However, the absolute economic burden of IBS is unknown, mostly due to insufficient data on a variety of indirect costs, as well as those intangible costs (pain, suffering and reduced QoL) that cannot be readily estimated, and the substantial number of undiagnosed IBS sufferers [30]. A study comparing the economic burden of IBS in four European countries (UK, Germany, Switzerland and Portugal) reported a substantial annual impact on medical resource use (approximately €700–€1600) [31] (Fig. 2). Although annual direct costs between countries were similar, there were substantial differences in indirect costs, largely due to variations in the number of illness-related days off work [31]. Direct comparison of the cost of IBS between the United States and Europe are difficult due to differences in healthcare funding. However, a study by Hahn et al. [32] revealed many similarities between healthcare resource use in the United States and UK. For example, hospitalisation rates and the number of visits to doctors surgeries and emergency rooms were similar in both the United States and UK, with only the number of visits to hospital outpatient clinics found to be significantly different between the two countries (mean utilisation determined to be 1.6 in the UK versus 0.9 in the United States, p
<
0.05).

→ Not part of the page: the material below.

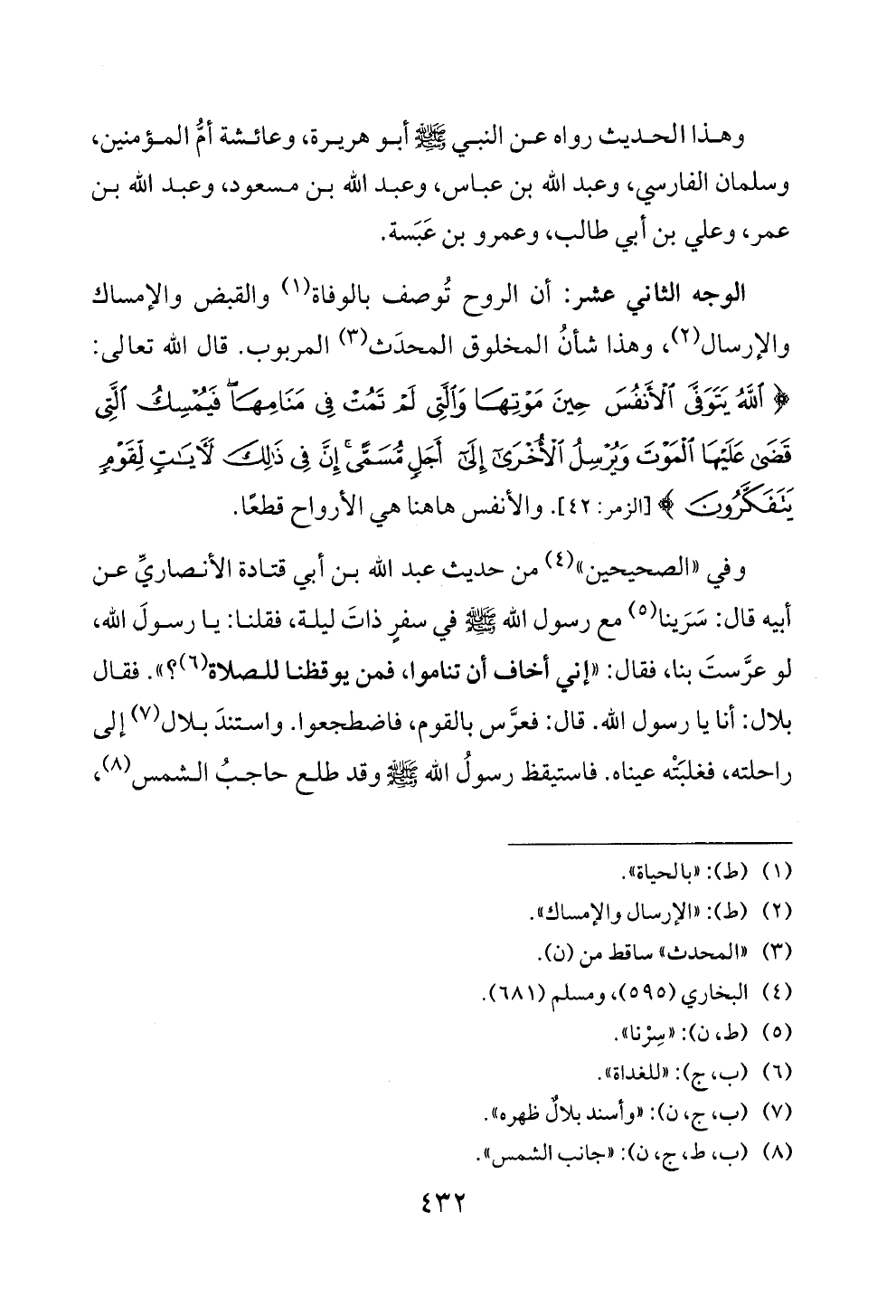 الوجه التاني عشر: أن الروح توصف بالوفاة (1) والقبض والامساك

In addition, indirect effects of IBS on resource use were also similar between the two countries, with approximately 10% of patients citing IBS as the reason for dramatic changes in their working schedules and also their need to work from home.

Fig. 2.
Costs breakdown per patient per year for IBS patients in four European countries [31].
In IBS patients, symptom severity correlates positively with both the total number of consultations (general practitioners and gastroenterologists) and the number of medications taken [33]. IBS patients frequently use a variety of over-the-counter and alternative therapies [34]. Consequently, they may incur expenses not usually accounted for in IBS-related cost analyses and may be exposed to an increased risk of experiencing adverse events by taking multiple medications [34]. Studies in France [35] and Germany [36] have shown that the main direct cost components of IBS are medical investigations (39%) and hospitalisations (22%). These costs may, in part, relate to the difficulties faced by many physicians in diagnosing IBS and the lack of effective agents to treat the multiple symptoms of IBS. The highest medical costs are associated with patients of older age, patients with severe pain and those with a deterioration in their QoL. The total impact of IBS, in terms of demand for physician time and healthcare costs (diagnostic tests and medications), is similar to that of well recognised conditions such as asthma and migraine [37].

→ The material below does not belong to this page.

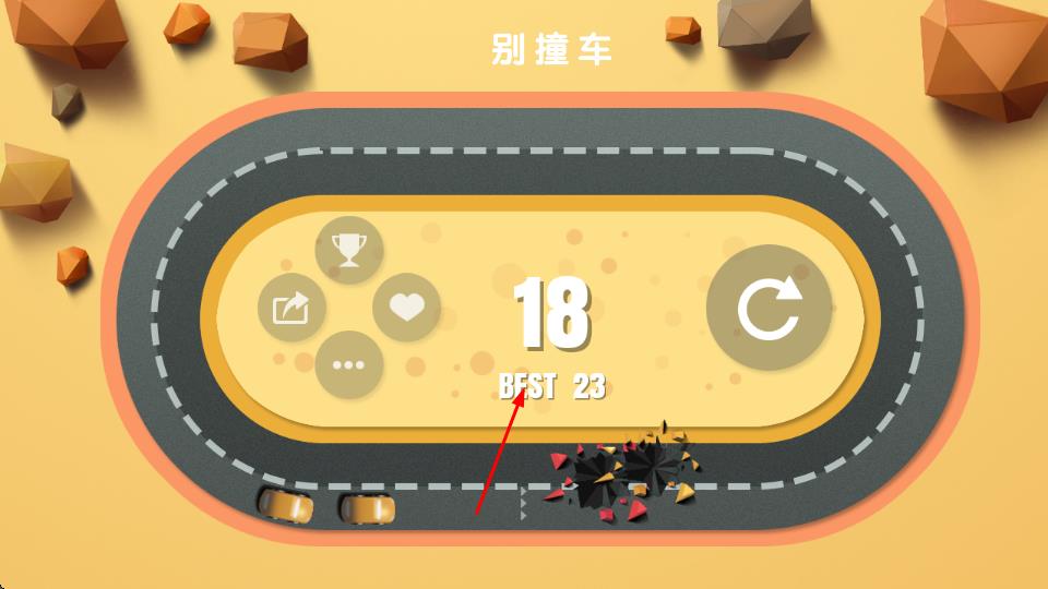 4、若发生撞车,游戏结束,会展示本次得分以及历史最佳得分,可选择重新开始游戏挑战更高分数。

3. IBS: the burden on the patient
IBS has a considerable negative impact on sufferers’ lives. It is associated with psychological distress, disturbance of work and sleep, and sexual dysfunction [8] (Fig. 3). Overall, IBS impairs QoL to a similar degree as other episodic, chronic disorders, with some specific health-related aspects being lower in IBS patients than in patients with gastro-oesophageal reflux disease [38], asthma and migraine [39] (Fig. 4). A study comparing QoL impairment in patients from the United States and Europe found that patients in Europe experienced significantly poorer QoL than patients in the United States [32]. Patients in Europe experienced significantly more sleep disturbances, lower energy, difficulties in daily life due to physical health and impaired sexual relations due to their disease compared with patients in the United States. A linear relationship has been observed between patient QoL and IBS symptom severity, with the most severe symptoms resulting in poorer QoL [40]. However, similarly severe IBS symptoms have been reported in both patient groups [41].

Fig. 3.
Impact of IBS on the lives of individuals with IBS [8]. (Reproduced from [8] by kind permission of Blackwell Publishing.)

Fig. 4.
Comparison of the impact of IBS on QoL with that of other chronic disorders [39]. (Reprinted from [39] with permission from Excerpta Medica, Inc.)

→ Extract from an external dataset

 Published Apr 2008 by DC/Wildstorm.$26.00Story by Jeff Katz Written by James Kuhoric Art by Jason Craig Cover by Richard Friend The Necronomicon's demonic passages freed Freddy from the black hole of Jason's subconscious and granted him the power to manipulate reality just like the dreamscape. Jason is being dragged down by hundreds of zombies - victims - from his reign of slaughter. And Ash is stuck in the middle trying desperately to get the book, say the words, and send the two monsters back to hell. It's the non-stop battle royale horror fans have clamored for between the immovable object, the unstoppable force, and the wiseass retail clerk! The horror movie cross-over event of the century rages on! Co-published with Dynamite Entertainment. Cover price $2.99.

IBS is a chronic condition, and many patients experience symptoms for more than 10 years [42]. Although clinical diagnostic criteria are available, an estimated 70% of IBS sufferers are not formally diagnosed [8] (Fig. 1). This may represent patients’ reluctance to visit physicians about their IBS symptoms. Indeed, over one third of individuals with undiagnosed IBS do not consult a physician, stating that their symptoms are not serious enough to obtain medical help, or that they have learnt to live with their condition [8]. Individuals who formally seek medical care for IBS may report more severe symptoms (e.g. abdominal pain and visible abdominal distension) than non-consulters [43], may exhibit greater psychological disturbance (anxiety, depression and sleep disturbances) [44], [45] and have a poorer QoL compared with non-consulters.
Of those IBS sufferers who have obtained a formal diagnosis, the majority are seen by primary care physicians and less frequently by gastroenterologists [8]. Most IBS patients referred to secondary care in Europe have IBS-C, although IBS patients in the UK are more frequently referred because of IBS-D [46].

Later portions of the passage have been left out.